Her mind was in a mild state of panic as she rose to her feet, to find that the effects of a little too much wine were far more pronounced now that she wasn’t sitting down.

With difficulty, she took small, concentrated steps alongside him as they made their way out of the restaurant to their respective cabins, and as luck would have it a sudden attack of dizziness in combination with a lack of familiarity with her surroundings worked in perfect unison to send her flying over a dip in the ground.

She had a few panicked seconds during which she attempted to steady herself, and then she was on the soft ground, blood gushing from her foot where it had scraped against a protruding stone.
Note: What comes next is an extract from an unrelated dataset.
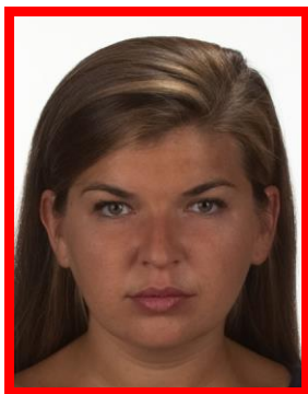
zdjęcie za ciemne

She didn’t know which was worse. The stinging of her foot or the humiliation of being helped to her feet by Leandro and then, even more embarrassingly, finding herself swept up into his arms and carried to her cabana like a sack of potatoes.

‘Don’t struggle.’ He anticipated the protest she was about to make. ‘How the hell did that happen? No, don’t bother. You’ve had too much to drink.’

She might be tall but she was light. Her slender arms looped around his neck, and the soft feel of her body pressed against his made him grit his teeth together, because his body was again responding in ways that disregarded the constraints imposed by his head.

‘I’m fine to walk,’ Emily muttered half-heartedly.

‘Your foot is pouring blood.’

‘That’s an exaggeration.’

‘I’ll sort it out.’

‘Surely there must be a first aid...um...person on site?’

‘Not in place yet...’

Was that strictly true? Leandro was pretty sure that he could get all the medical help required at the snap of a finger—but, hell...what was the point for a little cut on a foot? Nothing he couldn’t handle. He’d never been queasy when it came to blood. In fact, he had once debated whether to go down the medical route but had decided against it. He positively liked a bit of blood!